Our Sun sustains fusion at its core with a plasma of charged particles at around 15 million degrees Celsius. Down on Earth, we are aiming for hundreds of millions of degrees Celsius due to the fact that we do not have the enormous mass of the Sun compressing the fuel down for us.

Researchers and engineers have worked out several designs for how we may achieve this, but most fusion reactors utilize strong magnetic fields to “bottle” and confine the warm plasma.

Generally, the main difficulty in overcoming on our road to commercial fusion power is to offer environments that could contain the intense burning plasma needed to create a fusion reaction that is self-sustaining, producing more energy than was required to get it started.

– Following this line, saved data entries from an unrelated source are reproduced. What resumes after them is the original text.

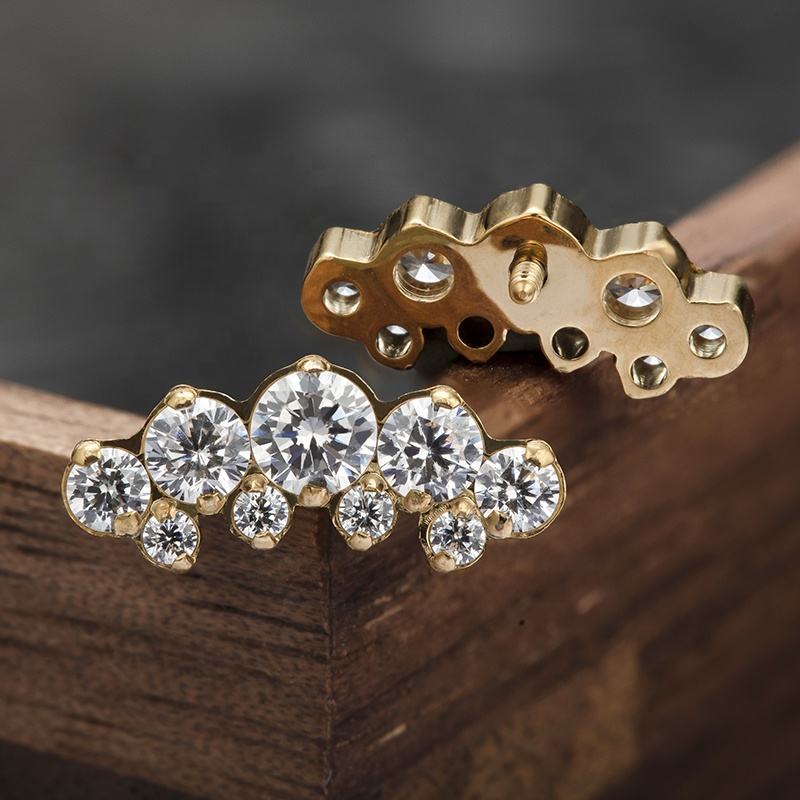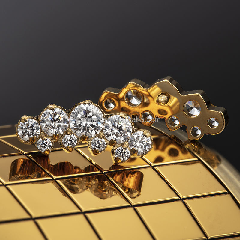 Giometal ASTM F136 Titane PVD Or 18K Gemmed Double Croissant Sans Fil ou Fileté Tragus Conch Piercing Boucles d'Oreilles Corps
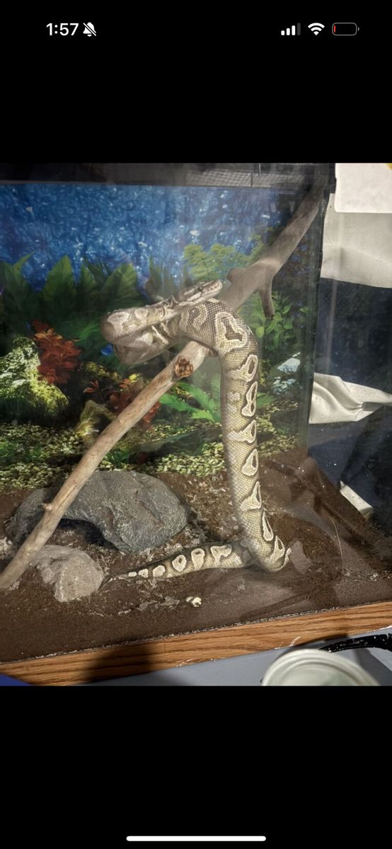 VenmoI don’t have the time or money to take care of her anymore. She has a problem with her shedding and needs proper care. Incudes the enclosure (not sure what size) heating lamp, lighting lamp, and everything in enclosure so basically everything needed but food. 3 years old female - eats live mice
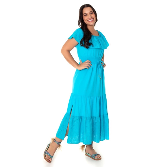 Vestido em mix de tecido sendo plano laise e malha de algodão, elástico interno no decote, babado, lastex na cintura e rolete fixo com ponteiras e possui forro.

Joining the public and private

Fusion advancement has been advancing since the 1950s. Most of it was driven by government funding for fundamental science.

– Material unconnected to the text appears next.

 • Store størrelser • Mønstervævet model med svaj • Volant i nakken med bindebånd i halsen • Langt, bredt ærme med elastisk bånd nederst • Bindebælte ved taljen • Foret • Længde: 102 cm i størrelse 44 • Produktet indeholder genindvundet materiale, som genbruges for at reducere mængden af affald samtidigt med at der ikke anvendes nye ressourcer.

Currently, a growing number of private fusion companies worldwide are forging ahead toward commercial fusion energy. A modification in government attitudes has been essential to this.

The US and also UK governments are fostering public-private collaborations to complement their strategic study programs.

For instance, the White House recently announced it would create a “bold decadal vision for commercial fusion energy.”

In the U.K., the government has invested in a program to link a fusion generator to the national electricity grid.

The technology has actually advanced, too

In addition to public-private resourcing, the technologies we require for fusion plants have come along in leaps and bounds.

In 2021, MIT scientists and Commonwealth Fusion Systems created a record-breaking magnet that will permit them to build a compact fusion tool called SPARC “that is substantially tinnier, lower cost, and on a quicker timeline.”

In recent years, many fusion experiments have also reached the all-important milestone of sustaining plasma temperatures of 100 million degrees Celsius or above.

These include the EAST experiment in China, Korea’s flagship experiment KSTAR, and UK-based company Tokamak Energy.

These excellent feats demonstrate an unprecedented capacity to replicate conditions discovered inside our Sun and keep extremely hot plasma trapped long enough to encourage fusion to happen.

In February, the Joint European Torus– the world’s most powerful operational tokamak– announced world-record energy confinement.

And the next-step fusion energy experiment to show net power gain, ITER, is under construction in France and currently about 80 percent complete.

Magnets are not the only path to fusion, either. In November 2021, the National Ignition Facility at Lawrence Livermore National Lab in California achieved a historic step forward for inertial confinement fusion.

By focusing almost 200 powerful lasers to confine and compress a target the size of a pencil’s eraser, they created a small fusion “hot spot,” generating fusion energy over a short time period.

In Australia, a company dubbed HB11 is creating proton-boron fusion innovation through a combination of high-powered lasers and magnetic fields.

Fusion and renewables can go hand in hand

It is essential that investment in fusion is not at the cost of other types of renewable energy and also the transition away from fossil fuels.

We could afford to expand adoption of current renewable energy innovations such as solar, wind, and pumped hydro while also creating next-generation solutions for electricity manufacturing.

This exact method was outlined recently by the USA in its Net-Zero Game Changers Initiative. In this plan, resource investment will be targeted to creating a path to rapid decarbonization in parallel with the commercial development of fusion.

History reveals us that incredible scientific and engineering progress is possible when we work along with the right resources– the rapid development of COVID-19 vaccines is just one recent example.

It is clear many researchers, engineers, and now governments and private investors (and also fashion designers) have decided fusion energy is a solution worth pursuing, not a pipe dream. Right now, it is the best shot we have yet had to make fusion power a viable reality. The Conversation

Nathan Garland, Professor in Applied Mathematics and Physics, Griffith College, and Matthew Hole, Senior Research Fellow, Mathematical Sciences Institute, Australian National University


Read the original article on: Science Alert.